The Texas-based digital banking platform provider could raise up to $250 million in the IPO, likely bringing its valuation to $3 billion, per the Dallas Morning News. It will invest the proceeds into growth and capital expenditure initiatives, as well as in the development of new or improved solutions.

Alkami caters to smaller financial institutions (FIs) that are feeling the pressure of heightened digital expectations. Nearly three-quarters of US banking customers use some form of digital banking, and adoption is expected to continue to rise over the next several years. In response to these changing consumer habits, incumbents large and small have needed to prioritize modernizing their digital platforms. Digital-native neobanks focused on particular niches, such as Holvi and First Boulevard, are also stepping up and threatening to pick off the types of customers smaller banks usually serve. The most sizable FIs tend to have the necessary budgets to build and maintain a robust digital platform in-house, but smaller institutions with less cash often need to look beyond their own walls for assistance.
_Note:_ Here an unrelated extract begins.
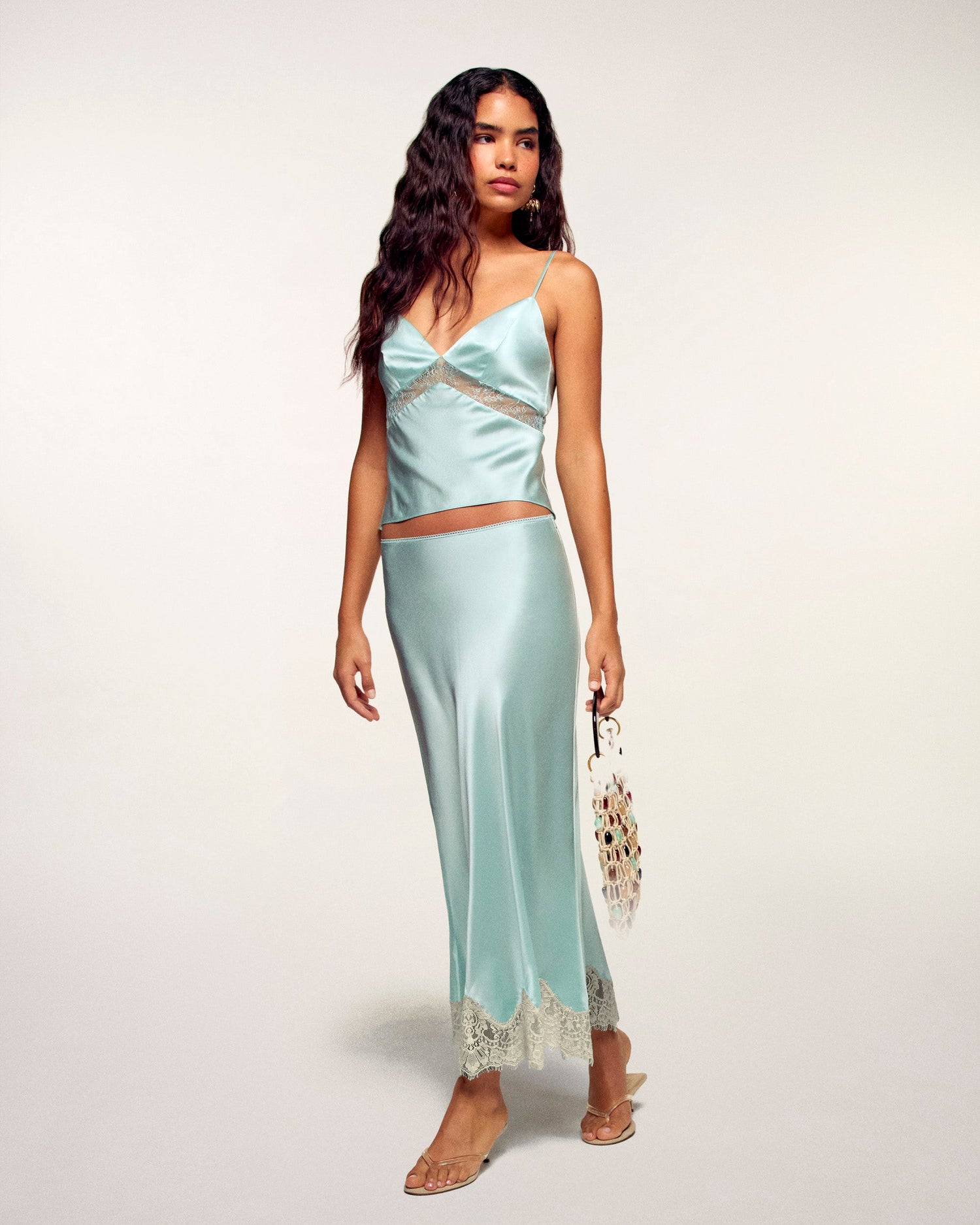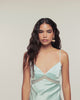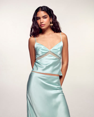 Ein Spiel mit der Transparenz bei diesem kurzen Top aus leichtem und seidigem Seidensatin. Ausgestattet mit schmalen, verstellbaren Trägern, besticht es durch einen V-Ausschnitt und Spitzenbänder. Elegant und vielseitig lässt es sich ideal mit einer Anzughose oder einem fließenden Rock kombinieren.

Smaller FIs should partner with digital banking platform providers like Alkami instead of relying completely on core providers to remain agile. In Insider Intelligence’s recent Innovation Strategies at Small and Midsize FIs report, we took a deeper dive into why—here are two key reasons:

  • Collaborating with a core provider could be inflexible. A majority of community banks in the US rely on core banking providers like Fiserv or FIS for their digital products and services. But banks’ long-tenured relationships with vendors isn’t necessarily indicative of how they are currently received, with many smaller banks frustrated over their ability to compete digitally. Long-term contracts are common among core vendors, and could prevent FIs from being able to quickly respond to emerging products or technology. A bank that partners with several digital vendors that focus on specific solutions, instead of solely relying on a core provider, could be better equipped to adapt to changing customer needs.
  • Digital platform providers enable banks to tailor their products and services to customer needs and preferences. Instead of a one-size-fits-all solution from a core vendor, banks could outsource product design to fintechs or software vendors like Alkami. There are several approaches an FI can take depending on their needs and budget: an exclusive partnership between two companies, a marketplace approach underpinned by a broad partner ecosystem, or an accelerator program through which a bank could determine the best of the pack. New technology and disruptive competitors influence the types of products and services consumers expect from their bank, and gaining the ability to stay agile through less constrictive partnerships gives smaller institutions a fighting chance.